Section 411.180 of the Texas Government Code governs revocation of concealed handgun licenses, providing a party may appeal an adverse ruling by a justice court by filing a petition with the county court within thirty days of the adverse ruling. Tex. Gov't Code Ann. 411.180(e) (Vernon 1998). Further, Tex. R. Civ. P. 5 governs the filing date if documents are mailed:

If any document is sent to the proper clerk [by mail]. . . on or before the last day for filing same, the same, if received by the clerk not more than ten days tardily, shall be filed by the clerk and be deemed filed in time.

Tex. R. Civ. P. 5. A legible postmark or an uncontroverted affidavit from the sending attorney serve as prima facie evidence of the date of filing. Id.; Lofton v. Allstate Ins. Co., 895 S.W.2d 693, 693 (Tex. 1995).

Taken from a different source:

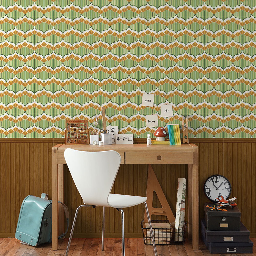 人気のReビンテージウォールペーパーシリーズとウッドパネルのデザインを組み合わせました。

In this case, the justice court's ruling was signed on July 15, 1999, making August 16, 1999 the deadline for filing a notice of appeal with the county court. Tex. R. Civ. P. 4, 5. The record reflects the notice of appeal was mailed on August 13, 1999 and was received by the county clerk on August 18, 1999. The notice of appeal was filed timely; therefore, the county court abused its discretion in denying the motion to reinstate on this ground.

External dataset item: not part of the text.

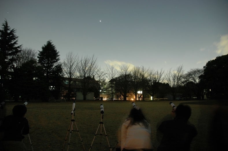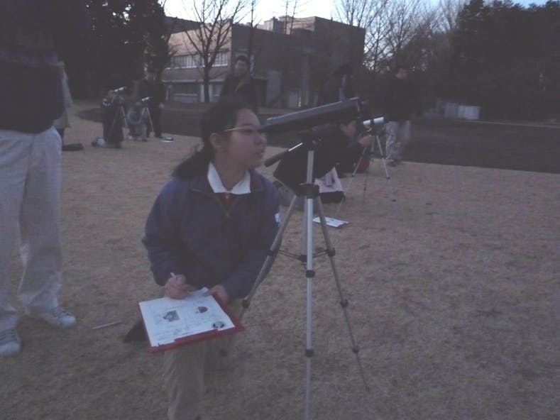 良く晴れた日、陽が暮れてあたりが暗くなり、星が輝き始めたら、自分で組み立てた望遠鏡を持って外に出てみましょう。

B. Justice Court Pleadings

The county court also denied the DPS's motion to reinstate on the ground the justice court correctly denied the DPS's request to revoke Ellzey's license. Consideration of a motion to dismiss involves a review of the circumstances preventing the party from appearing at the initial dismissal hearing, not a determination of the merits of the case. See Tex. R. Civ. P. 165a. Further, a county court must conduct a trial de novo on the appeal of a denial of a request to revoke a concealed handgun license. Tex. Gov't Code Ann. 411.180(e).Accordingly, the county court abused its discretion in denying the DPS's motion to reinstate on this ground.

Conclusion

Holding the county court abused its discretion in denying the DPS's motion to reinstate, we reverse the judgment of the county court and remand the case for a new trial.

PAUL W. GREEN

JUSTICE

DO NOT PUBLISH

1. Tex. R. Civ. P. 165a(1), (2); City of Houston v. Thomas, 838 S.W.2d 296, 297 (Tex. App.-Houston [1st Dist.] 1992, no writ) (citing Veteran's Land Bd. v. Williams, 543 S.W.2d 89, 90 (Tex.1976)); see Creel v. Dist. Atty., 818 S.W.2d 45, 46 (Tex. 1991); Rohus v. Licona, 942 S.W.2d 111, 112 (Tex. App.-Houston [1st Dist.] 1997, no writ); Alvarado v. Magic Valley Elec. Co-op., Inc., 784 S.W.2d 729, 732 (Tex. App.-San Antonio 1990, writ denied).

2. Tex. R. Civ. P. 165a(3); Smith v. Babcock & Wilcox Constr. Co., Inc., 913 S.W.2d 467, 468 (Tex. 1995). The Rule 165a(3) standard for reinstatement is inapplicable to cases dismissed under the trial court's inherent power. Ozuna v. Southwest Bio-Clinical Laboratories, 766 S.W.2d 900, 903 (Tex. App.-San Antonio 1989, writ denied) (stating "when a court has dismissed a case for want of diligent prosecution . . . the court need not reinstate the case upon a mere showing that the lack of prosecution was not intentional but the result of accident or mistake").